> [Exercise details]:
Repeat the data in full and exactly. Leave the pictures out.

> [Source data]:
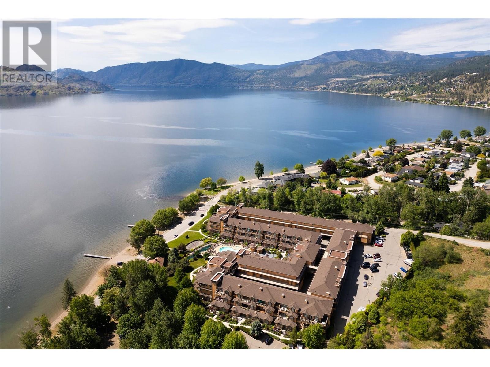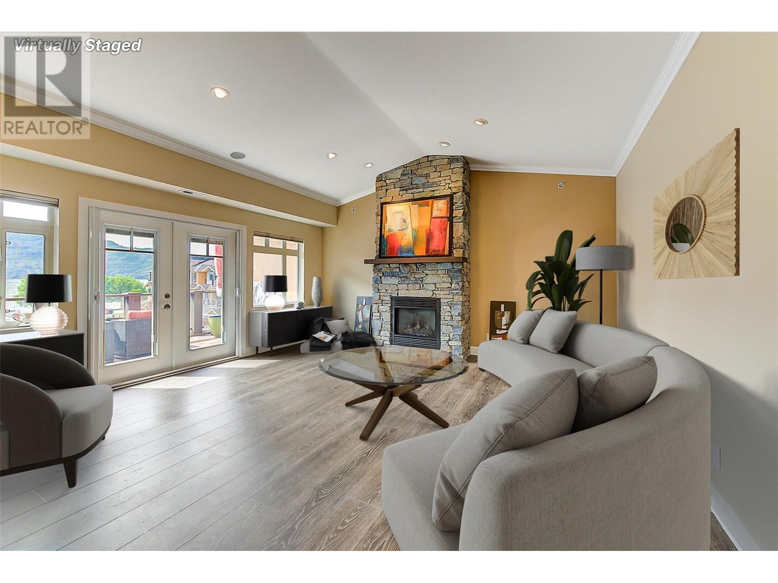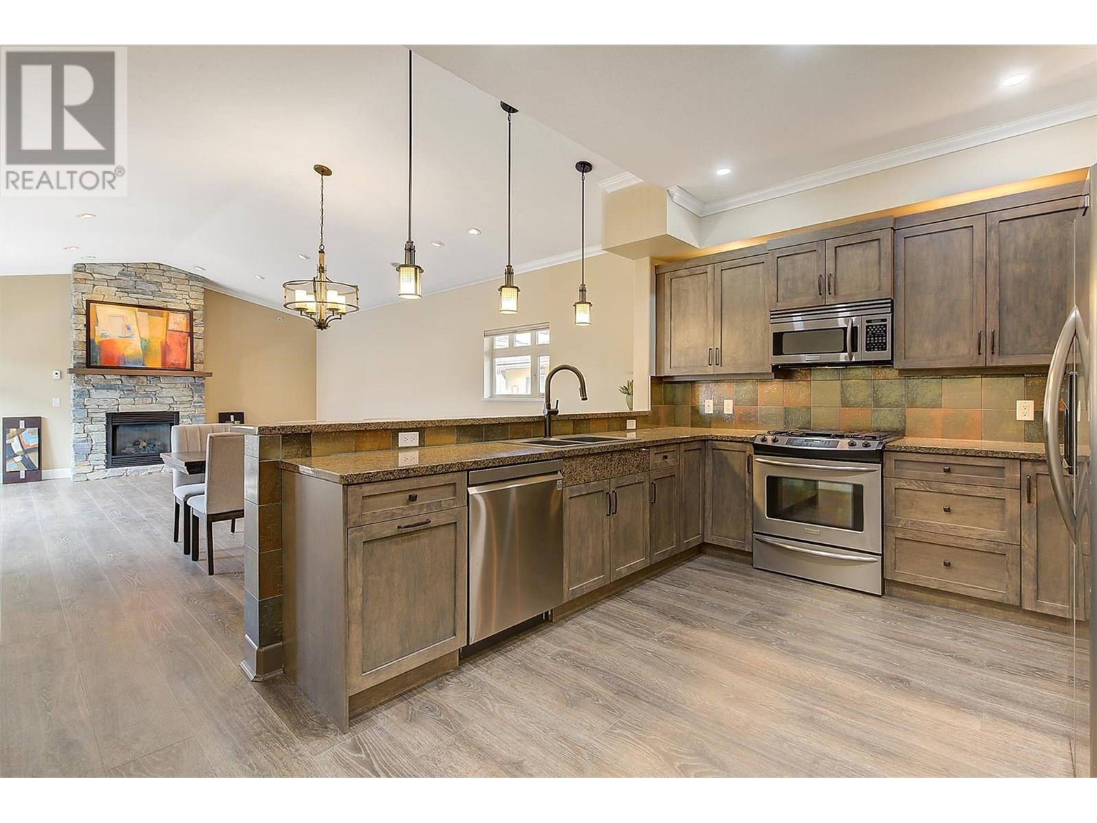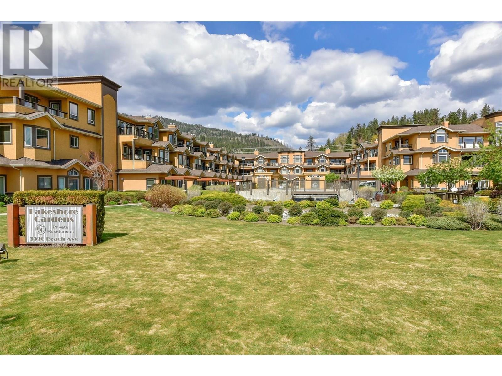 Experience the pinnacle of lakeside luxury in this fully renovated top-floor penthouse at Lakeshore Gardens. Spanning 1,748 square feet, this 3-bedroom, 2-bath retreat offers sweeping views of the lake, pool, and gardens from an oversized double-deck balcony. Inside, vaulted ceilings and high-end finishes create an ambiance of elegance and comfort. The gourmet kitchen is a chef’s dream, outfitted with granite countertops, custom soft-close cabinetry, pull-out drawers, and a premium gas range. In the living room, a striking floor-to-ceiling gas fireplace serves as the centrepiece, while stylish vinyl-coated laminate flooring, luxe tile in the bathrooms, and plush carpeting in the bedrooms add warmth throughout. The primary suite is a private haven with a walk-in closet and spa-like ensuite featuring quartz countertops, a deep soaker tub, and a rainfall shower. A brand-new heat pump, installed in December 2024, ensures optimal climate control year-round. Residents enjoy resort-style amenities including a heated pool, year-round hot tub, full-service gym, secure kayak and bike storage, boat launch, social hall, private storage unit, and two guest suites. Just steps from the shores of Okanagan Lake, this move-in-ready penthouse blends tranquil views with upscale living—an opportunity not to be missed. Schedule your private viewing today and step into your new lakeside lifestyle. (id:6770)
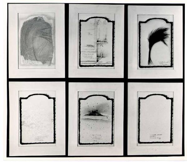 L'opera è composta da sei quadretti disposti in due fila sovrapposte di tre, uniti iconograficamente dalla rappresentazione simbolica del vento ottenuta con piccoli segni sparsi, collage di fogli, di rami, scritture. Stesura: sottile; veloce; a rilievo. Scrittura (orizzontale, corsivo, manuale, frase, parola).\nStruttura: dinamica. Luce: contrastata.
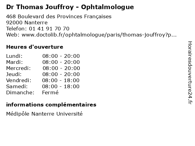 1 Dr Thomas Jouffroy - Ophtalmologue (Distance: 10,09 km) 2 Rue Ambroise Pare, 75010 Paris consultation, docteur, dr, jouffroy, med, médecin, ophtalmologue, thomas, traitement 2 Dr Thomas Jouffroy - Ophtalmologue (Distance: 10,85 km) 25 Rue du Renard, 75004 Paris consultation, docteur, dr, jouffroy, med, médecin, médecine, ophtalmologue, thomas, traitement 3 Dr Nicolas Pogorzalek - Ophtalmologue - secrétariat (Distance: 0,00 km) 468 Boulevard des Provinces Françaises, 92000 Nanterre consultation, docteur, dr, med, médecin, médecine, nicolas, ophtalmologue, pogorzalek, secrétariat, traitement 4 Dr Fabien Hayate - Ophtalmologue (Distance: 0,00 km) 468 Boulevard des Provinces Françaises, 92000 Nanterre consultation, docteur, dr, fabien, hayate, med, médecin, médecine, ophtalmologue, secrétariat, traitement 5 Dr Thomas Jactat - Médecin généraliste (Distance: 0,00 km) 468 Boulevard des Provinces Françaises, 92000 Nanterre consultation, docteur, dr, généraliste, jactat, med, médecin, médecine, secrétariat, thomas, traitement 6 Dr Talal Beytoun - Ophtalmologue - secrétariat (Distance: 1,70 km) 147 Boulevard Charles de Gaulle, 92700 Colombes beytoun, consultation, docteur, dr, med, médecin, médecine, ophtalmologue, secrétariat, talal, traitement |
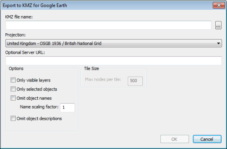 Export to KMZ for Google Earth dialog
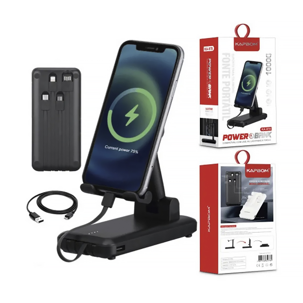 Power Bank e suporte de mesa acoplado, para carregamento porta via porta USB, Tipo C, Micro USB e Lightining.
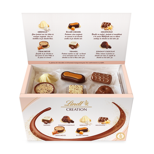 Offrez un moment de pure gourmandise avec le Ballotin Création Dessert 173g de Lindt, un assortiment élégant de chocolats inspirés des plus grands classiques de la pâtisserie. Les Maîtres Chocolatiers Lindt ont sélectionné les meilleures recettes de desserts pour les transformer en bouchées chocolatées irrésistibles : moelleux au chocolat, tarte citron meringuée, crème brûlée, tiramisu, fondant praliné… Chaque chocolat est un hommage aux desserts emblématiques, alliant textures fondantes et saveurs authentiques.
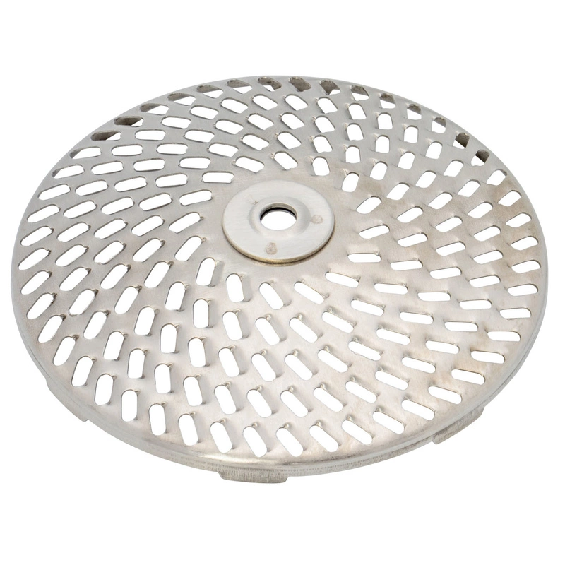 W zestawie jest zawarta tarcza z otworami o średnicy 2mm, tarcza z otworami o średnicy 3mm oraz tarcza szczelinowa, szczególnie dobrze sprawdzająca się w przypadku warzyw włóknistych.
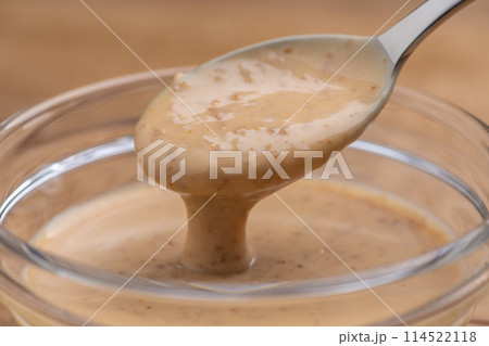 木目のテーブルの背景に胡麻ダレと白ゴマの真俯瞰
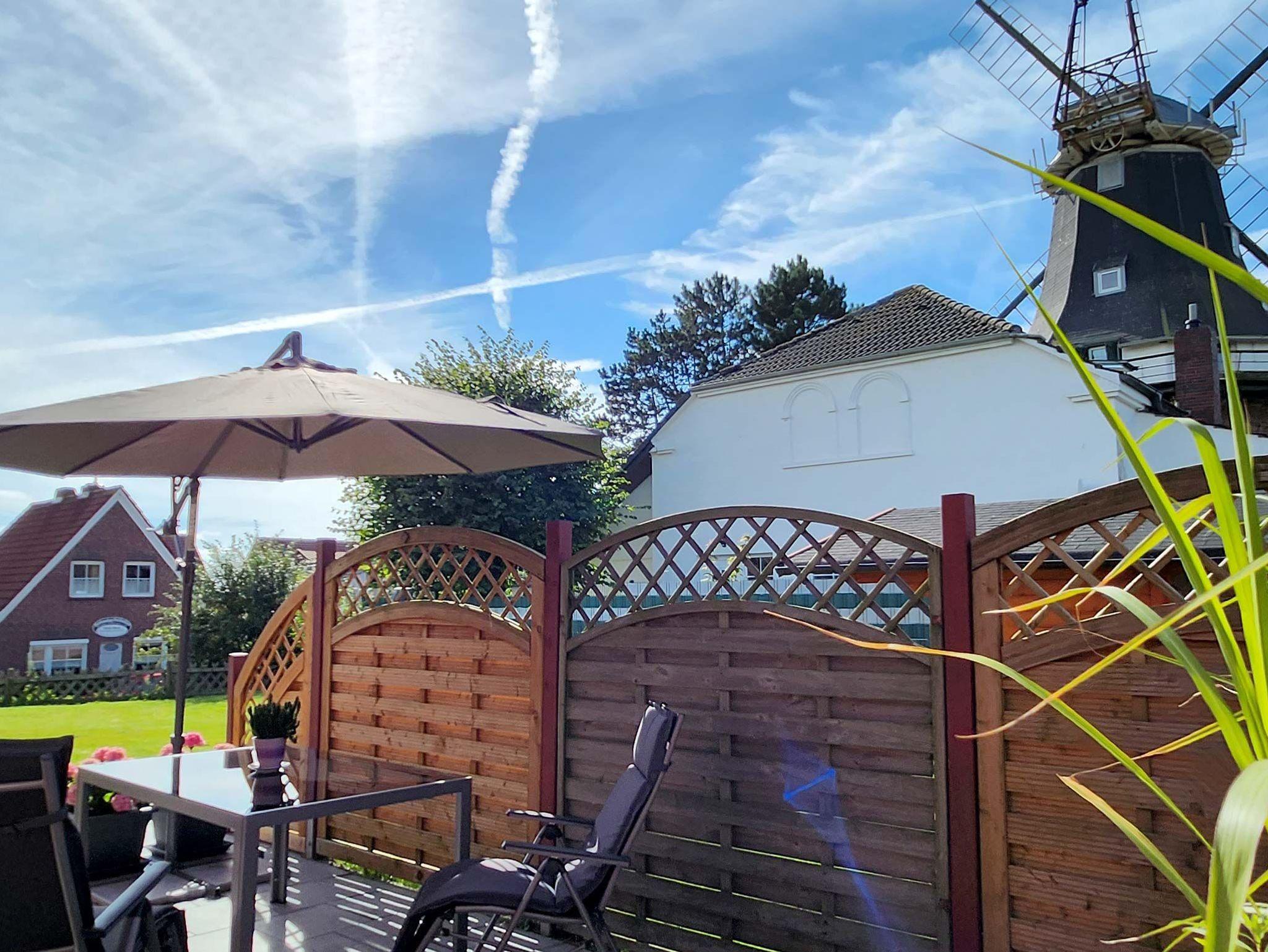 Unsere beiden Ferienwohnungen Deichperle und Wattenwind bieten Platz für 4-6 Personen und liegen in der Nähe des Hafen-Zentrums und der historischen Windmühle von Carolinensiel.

> [Expected answer]:
 Experience the pinnacle of lakeside luxury in this fully renovated top-floor penthouse at Lakeshore Gardens. Spanning 1,748 square feet, this 3-bedroom, 2-bath retreat offers sweeping views of the lake, pool, and gardens from an oversized double-deck balcony. Inside, vaulted ceilings and high-end finishes create an ambiance of elegance and comfort. The gourmet kitchen is a chef’s dream, outfitted with granite countertops, custom soft-close cabinetry, pull-out drawers, and a premium gas range. In the living room, a striking floor-to-ceiling gas fireplace serves as the centrepiece, while stylish vinyl-coated laminate flooring, luxe tile in the bathrooms, and plush carpeting in the bedrooms add warmth throughout. The primary suite is a private haven with a walk-in closet and spa-like ensuite featuring quartz countertops, a deep soaker tub, and a rainfall shower. A brand-new heat pump, installed in December 2024, ensures optimal climate control year-round. Residents enjoy resort-style amenities including a heated pool, year-round hot tub, full-service gym, secure kayak and bike storage, boat launch, social hall, private storage unit, and two guest suites. Just steps from the shores of Okanagan Lake, this move-in-ready penthouse blends tranquil views with upscale living—an opportunity not to be missed. Schedule your private viewing today and step into your new lakeside lifestyle. (id:6770)
 L'opera è composta da sei quadretti disposti in due fila sovrapposte di tre, uniti iconograficamente dalla rappresentazione simbolica del vento ottenuta con piccoli segni sparsi, collage di fogli, di rami, scritture. Stesura: sottile; veloce; a rilievo. Scrittura (orizzontale, corsivo, manuale, frase, parola).\nStruttura: dinamica. Luce: contrastata.
 1 Dr Thomas Jouffroy - Ophtalmologue (Distance: 10,09 km) 2 Rue Ambroise Pare, 75010 Paris consultation, docteur, dr, jouffroy, med, médecin, ophtalmologue, thomas, traitement 2 Dr Thomas Jouffroy - Ophtalmologue (Distance: 10,85 km) 25 Rue du Renard, 75004 Paris consultation, docteur, dr, jouffroy, med, médecin, médecine, ophtalmologue, thomas, traitement 3 Dr Nicolas Pogorzalek - Ophtalmologue - secrétariat (Distance: 0,00 km) 468 Boulevard des Provinces Françaises, 92000 Nanterre consultation, docteur, dr, med, médecin, médecine, nicolas, ophtalmologue, pogorzalek, secrétariat, traitement 4 Dr Fabien Hayate - Ophtalmologue (Distance: 0,00 km) 468 Boulevard des Provinces Françaises, 92000 Nanterre consultation, docteur, dr, fabien, hayate, med, médecin, médecine, ophtalmologue, secrétariat, traitement 5 Dr Thomas Jactat - Médecin généraliste (Distance: 0,00 km) 468 Boulevard des Provinces Françaises, 92000 Nanterre consultation, docteur, dr, généraliste, jactat, med, médecin, médecine, secrétariat, thomas, traitement 6 Dr Talal Beytoun - Ophtalmologue - secrétariat (Distance: 1,70 km) 147 Boulevard Charles de Gaulle, 92700 Colombes beytoun, consultation, docteur, dr, med, médecin, médecine, ophtalmologue, secrétariat, talal, traitement |
 Export to KMZ for Google Earth dialog
 Power Bank e suporte de mesa acoplado, para carregamento porta via porta USB, Tipo C, Micro USB e Lightining.
 Offrez un moment de pure gourmandise avec le Ballotin Création Dessert 173g de Lindt, un assortiment élégant de chocolats inspirés des plus grands classiques de la pâtisserie. Les Maîtres Chocolatiers Lindt ont sélectionné les meilleures recettes de desserts pour les transformer en bouchées chocolatées irrésistibles : moelleux au chocolat, tarte citron meringuée, crème brûlée, tiramisu, fondant praliné… Chaque chocolat est un hommage aux desserts emblématiques, alliant textures fondantes et saveurs authentiques.
 W zestawie jest zawarta tarcza z otworami o średnicy 2mm, tarcza z otworami o średnicy 3mm oraz tarcza szczelinowa, szczególnie dobrze sprawdzająca się w przypadku warzyw włóknistych.
 木目のテーブルの背景に胡麻ダレと白ゴマの真俯瞰
 Unsere beiden Ferienwohnungen Deichperle und Wattenwind bieten Platz für 4-6 Personen und liegen in der Nähe des Hafen-Zentrums und der historischen Windmühle von Carolinensiel.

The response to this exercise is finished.